● EXERCISE:
Your copy of the listing must be exact and must hold no images.

==============================

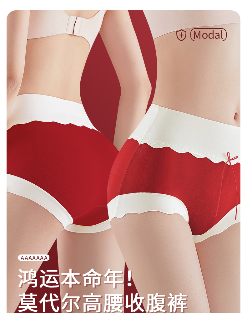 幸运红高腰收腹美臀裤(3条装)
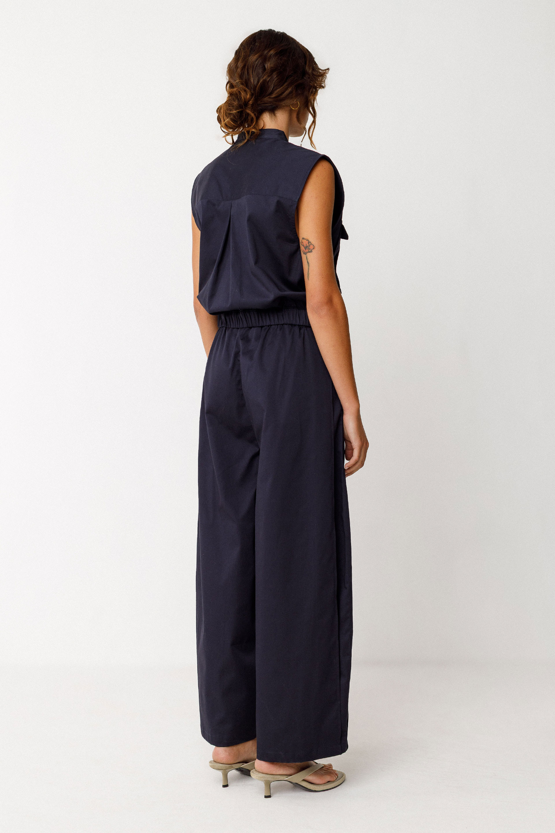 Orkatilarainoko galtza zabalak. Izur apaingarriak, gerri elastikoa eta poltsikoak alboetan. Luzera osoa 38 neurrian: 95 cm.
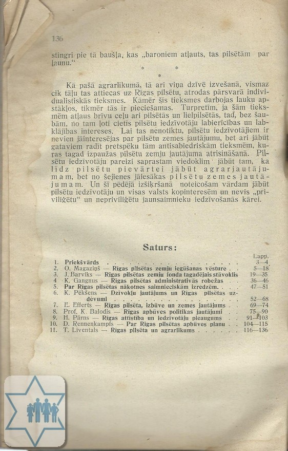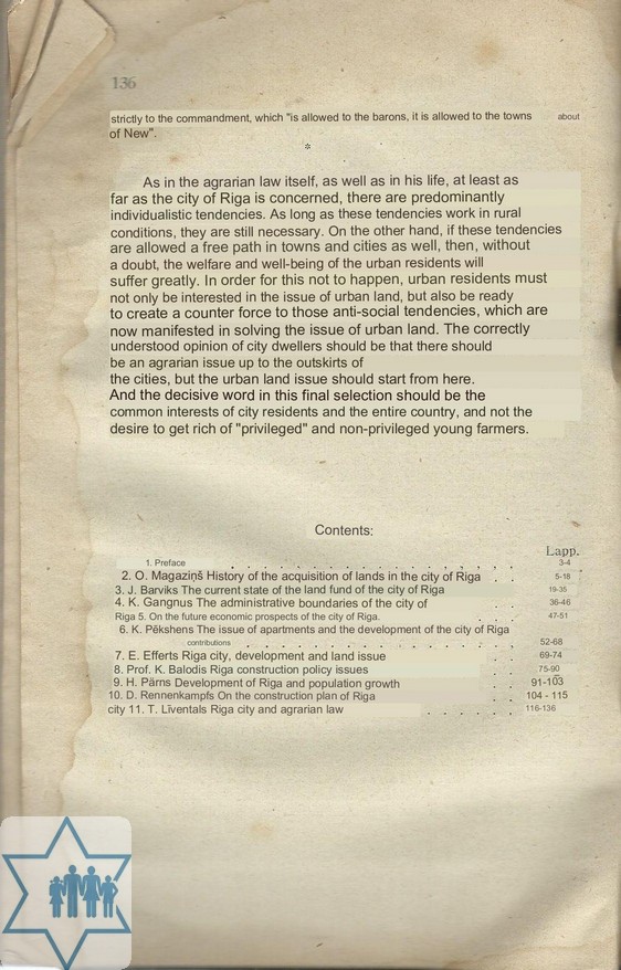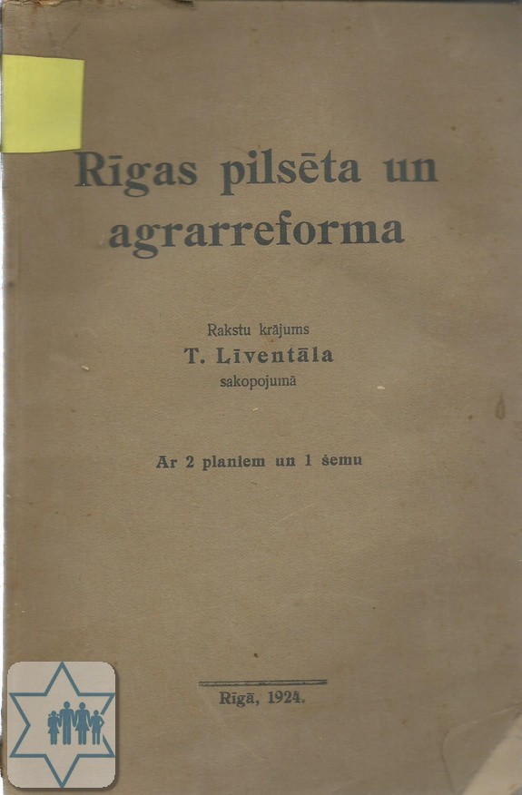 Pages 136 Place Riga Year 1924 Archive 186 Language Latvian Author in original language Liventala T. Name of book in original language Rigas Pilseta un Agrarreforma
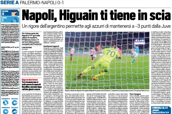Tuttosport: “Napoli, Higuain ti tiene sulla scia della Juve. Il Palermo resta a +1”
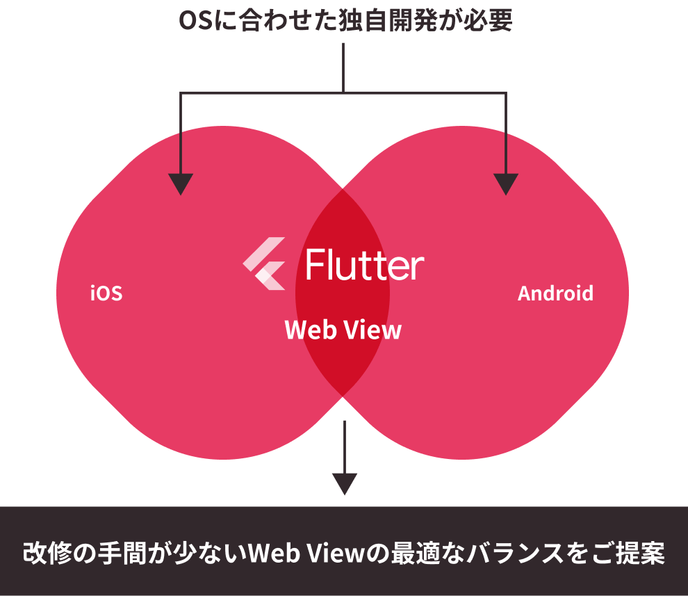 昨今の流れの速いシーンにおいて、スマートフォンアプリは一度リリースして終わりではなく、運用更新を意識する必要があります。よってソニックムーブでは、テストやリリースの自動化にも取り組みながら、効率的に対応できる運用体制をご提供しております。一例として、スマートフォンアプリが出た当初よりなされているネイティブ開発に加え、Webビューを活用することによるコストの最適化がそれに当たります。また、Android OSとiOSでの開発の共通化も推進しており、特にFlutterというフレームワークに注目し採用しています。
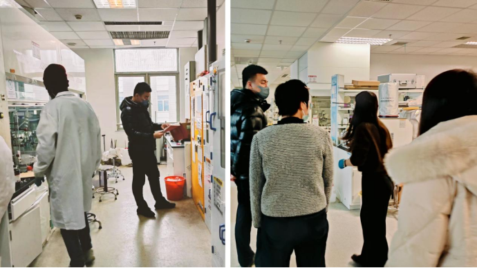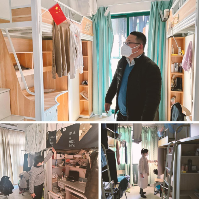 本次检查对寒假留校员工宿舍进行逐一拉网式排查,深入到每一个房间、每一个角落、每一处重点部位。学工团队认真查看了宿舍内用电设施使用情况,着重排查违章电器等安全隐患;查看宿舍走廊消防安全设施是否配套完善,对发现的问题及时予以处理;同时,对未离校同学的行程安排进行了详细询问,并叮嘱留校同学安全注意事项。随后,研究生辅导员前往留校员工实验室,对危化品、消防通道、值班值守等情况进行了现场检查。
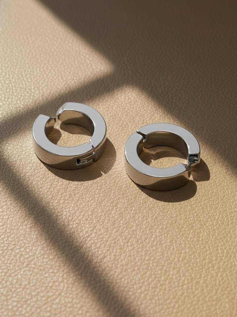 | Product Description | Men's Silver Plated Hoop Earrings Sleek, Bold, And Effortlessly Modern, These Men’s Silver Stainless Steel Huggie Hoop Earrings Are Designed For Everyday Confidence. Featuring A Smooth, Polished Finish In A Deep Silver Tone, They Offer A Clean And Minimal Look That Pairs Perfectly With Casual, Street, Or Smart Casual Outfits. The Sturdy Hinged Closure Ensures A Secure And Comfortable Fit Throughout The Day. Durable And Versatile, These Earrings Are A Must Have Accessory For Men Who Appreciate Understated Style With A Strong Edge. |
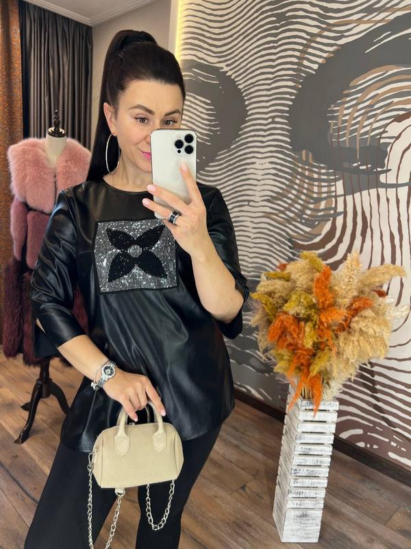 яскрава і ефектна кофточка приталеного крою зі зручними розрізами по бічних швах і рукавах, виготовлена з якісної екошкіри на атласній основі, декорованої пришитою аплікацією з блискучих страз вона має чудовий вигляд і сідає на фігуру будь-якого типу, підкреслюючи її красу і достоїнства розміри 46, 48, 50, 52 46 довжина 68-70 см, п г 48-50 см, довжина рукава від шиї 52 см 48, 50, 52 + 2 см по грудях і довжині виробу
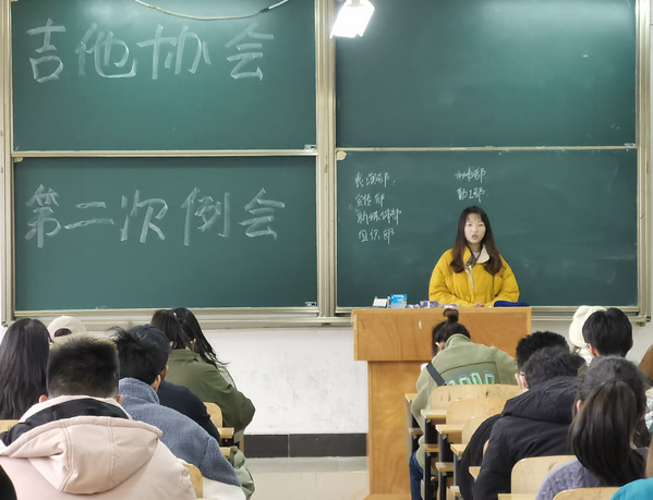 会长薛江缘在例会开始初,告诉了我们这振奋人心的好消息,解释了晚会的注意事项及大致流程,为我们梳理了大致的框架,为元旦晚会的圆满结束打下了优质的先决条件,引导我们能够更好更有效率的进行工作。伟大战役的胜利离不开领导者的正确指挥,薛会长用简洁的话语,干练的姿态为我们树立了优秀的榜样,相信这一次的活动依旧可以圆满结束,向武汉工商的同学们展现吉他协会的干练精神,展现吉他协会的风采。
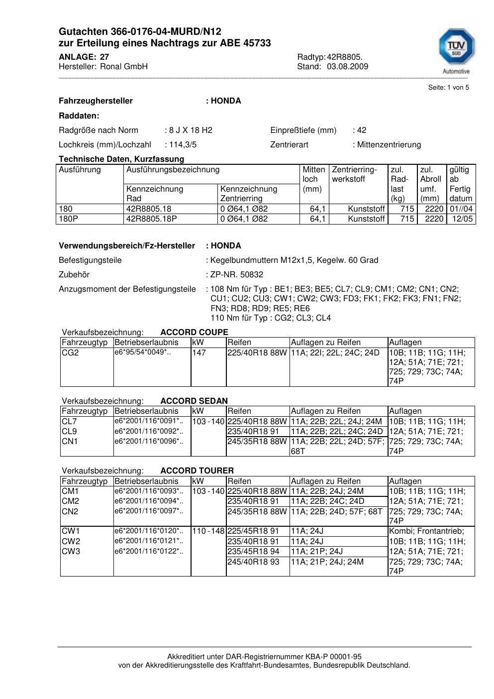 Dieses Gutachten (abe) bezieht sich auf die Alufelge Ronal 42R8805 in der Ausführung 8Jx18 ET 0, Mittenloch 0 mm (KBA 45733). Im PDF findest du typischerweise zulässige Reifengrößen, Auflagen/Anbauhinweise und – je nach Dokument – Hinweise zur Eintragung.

==============================

● REPLY TO THE EXERCISE:
 幸运红高腰收腹美臀裤(3条装)
 Orkatilarainoko galtza zabalak. Izur apaingarriak, gerri elastikoa eta poltsikoak alboetan. Luzera osoa 38 neurrian: 95 cm.
 Pages 136 Place Riga Year 1924 Archive 186 Language Latvian Author in original language Liventala T. Name of book in original language Rigas Pilseta un Agrarreforma
Tuttosport: “Napoli, Higuain ti tiene sulla scia della Juve. Il Palermo resta a +1”
 昨今の流れの速いシーンにおいて、スマートフォンアプリは一度リリースして終わりではなく、運用更新を意識する必要があります。よってソニックムーブでは、テストやリリースの自動化にも取り組みながら、効率的に対応できる運用体制をご提供しております。一例として、スマートフォンアプリが出た当初よりなされているネイティブ開発に加え、Webビューを活用することによるコストの最適化がそれに当たります。また、Android OSとiOSでの開発の共通化も推進しており、特にFlutterというフレームワークに注目し採用しています。
 本次检查对寒假留校员工宿舍进行逐一拉网式排查,深入到每一个房间、每一个角落、每一处重点部位。学工团队认真查看了宿舍内用电设施使用情况,着重排查违章电器等安全隐患;查看宿舍走廊消防安全设施是否配套完善,对发现的问题及时予以处理;同时,对未离校同学的行程安排进行了详细询问,并叮嘱留校同学安全注意事项。随后,研究生辅导员前往留校员工实验室,对危化品、消防通道、值班值守等情况进行了现场检查。
 | Product Description | Men's Silver Plated Hoop Earrings Sleek, Bold, And Effortlessly Modern, These Men’s Silver Stainless Steel Huggie Hoop Earrings Are Designed For Everyday Confidence. Featuring A Smooth, Polished Finish In A Deep Silver Tone, They Offer A Clean And Minimal Look That Pairs Perfectly With Casual, Street, Or Smart Casual Outfits. The Sturdy Hinged Closure Ensures A Secure And Comfortable Fit Throughout The Day. Durable And Versatile, These Earrings Are A Must Have Accessory For Men Who Appreciate Understated Style With A Strong Edge. |
 яскрава і ефектна кофточка приталеного крою зі зручними розрізами по бічних швах і рукавах, виготовлена з якісної екошкіри на атласній основі, декорованої пришитою аплікацією з блискучих страз вона має чудовий вигляд і сідає на фігуру будь-якого типу, підкреслюючи її красу і достоїнства розміри 46, 48, 50, 52 46 довжина 68-70 см, п г 48-50 см, довжина рукава від шиї 52 см 48, 50, 52 + 2 см по грудях і довжині виробу
 会长薛江缘在例会开始初,告诉了我们这振奋人心的好消息,解释了晚会的注意事项及大致流程,为我们梳理了大致的框架,为元旦晚会的圆满结束打下了优质的先决条件,引导我们能够更好更有效率的进行工作。伟大战役的胜利离不开领导者的正确指挥,薛会长用简洁的话语,干练的姿态为我们树立了优秀的榜样,相信这一次的活动依旧可以圆满结束,向武汉工商的同学们展现吉他协会的干练精神,展现吉他协会的风采。
 Dieses Gutachten (abe) bezieht sich auf die Alufelge Ronal 42R8805 in der Ausführung 8Jx18 ET 0, Mittenloch 0 mm (KBA 45733). Im PDF findest du typischerweise zulässige Reifengrößen, Auflagen/Anbauhinweise und – je nach Dokument – Hinweise zur Eintragung.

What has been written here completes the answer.